I watched from home with Harper, feeling useless. My team was playing playoff hockey and I was on the couch in a sling eating takeout.

"You hate this," Harper observed.

"I don't hate it. I'm just frustrated."

"You hate being injured. You hate missing games. You hate feeling useless."

"Okay yes. I hate all of those things."

Game two was worse. They lost 3-1. Got outplayed in every zone. Needed my physical presence on the ice and didn't have it.

After the game, Marcus called.

"We miss you out there," he said. "Tyler's trying to fill your role but he's not you. We need your leadership."

"I can't play with a separated shoulder, Marcus. Trust me, I want to."

"I know. Just—heal fast, okay? We need you back."

By week three, the pain was manageable. Not gone. But controllable without medication that scared me. The TENS unit helped. Ice helped. James's treatments helped. The daily calls to Dr. Okonkwo helped.

And I didn't use. Not once. Not even when the pain was worst at 3 AM and I remembered exactly where I could get pills if I really wanted them.

I called David instead. Every time. Sometimes twice a day.

"Nine months sober," he reminded me during one particularly rough night. "You've come too far to throw it away over a shoulder injury."

"It's not just a shoulder injury. It's my career. It's playoff hockey. It's everything I worked for."

"And you can have all of that.
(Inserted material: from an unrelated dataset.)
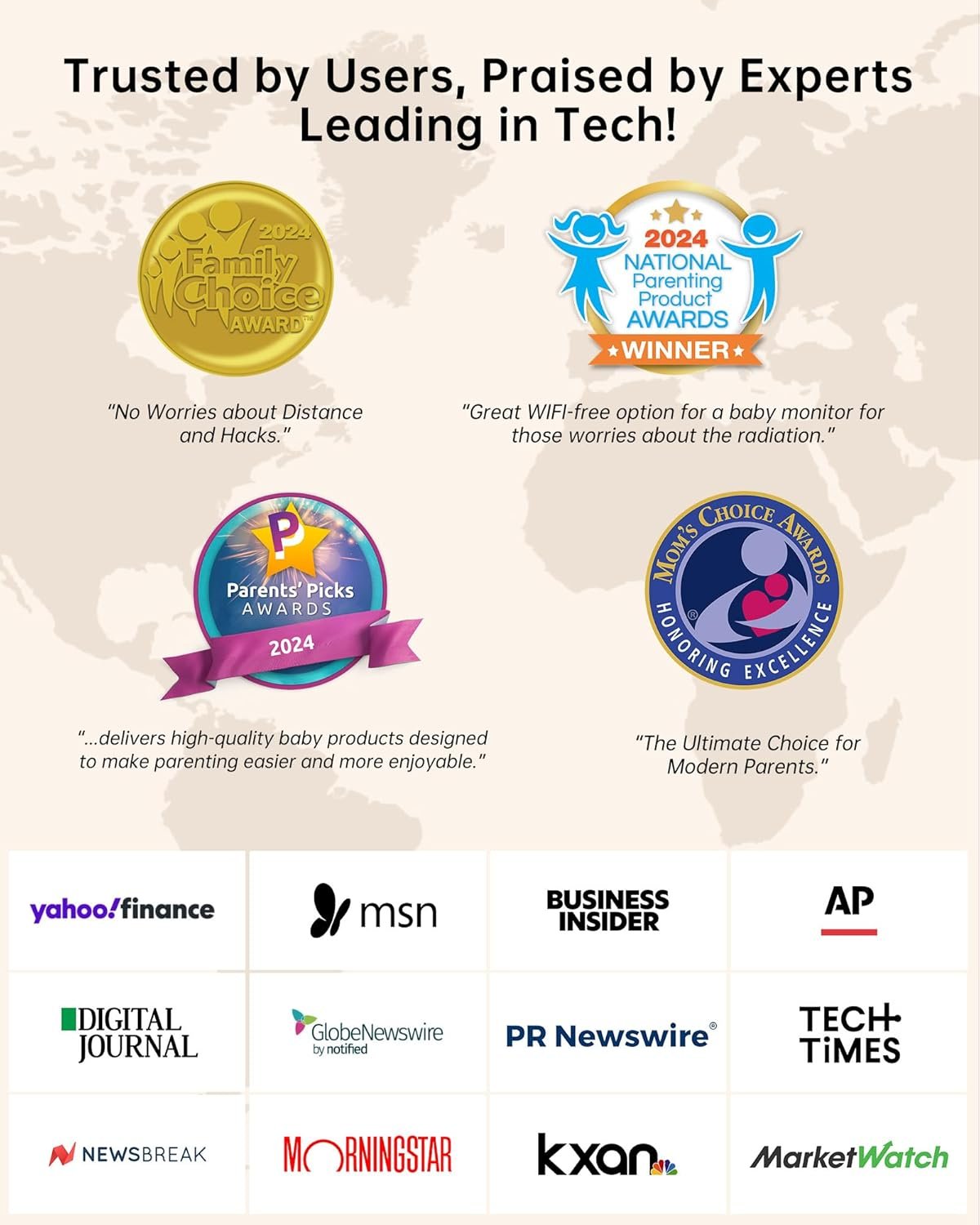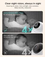 [No Details is Spared with 2K 5.5” Split-Screen Display] You can view two baby cameras at the same time. The 2K camera is more than twice as clear as other 1080p cameras, whether it’s day or night. Even in low light or dark areas, your baby will always be visible. Featuring 4X zoom, infrared night vision, and 360° coverage, you can monitor your baby’s surroundings without missing any details, day or night. Vibrant color calibration ensures lifelike images, making you feel your baby is right beside you – clearer and safer!

Just not this minute. Be patient."

Patience wasn't my strong suit.

But staying sober was becoming one.

Week four, I started skating again. Gentle. No contact. Just movement to rebuild strength and range of motion.

The Canucks were down 3-2 in the series. One more loss and they were eliminated.

"I can play," I told the team doctor. "Not at 100% but I can help."

"You're at maybe 70%. You're a liability out there."

"I'm a veteran presence. They need me."

Coach made the call. I was active for game six. Limited minutes. Minimal contact. But on the ice.

We won 2-1. Forced game seven.

Game seven was in Vancouver. Home ice. Everything on the line.

I played twelve minutes. Fourth line. Defensive zone starts only. Couldn't take faceoffs because my shoulder wasn't strong enough. Couldn't fight because one hit would re-injure everything.

But I was there. Present. Contributing what I could.

We won 4-3 in overtime.

Advanced to the second round.

In the locker room after, Marcus pulled me aside.

"You're not right. Everyone can see it. You need more time."

"We're in the second round. I'll heal during the break."

"Crew, you're playing hurt. Badly hurt. One bad hit and you're done for the season. Maybe longer."

"Then I'll be careful."

Harper said the same thing that night.

"You're not healed. You're playing through injury. That's how you got addicted in the first place."

"I'm not taking pills. I'm managing pain properly. It's different."

"Is it? Or are you just using hockey instead of opioids to avoid dealing with the fact that you need rest?"

I didn't have an answer for that.

Because maybe she was right.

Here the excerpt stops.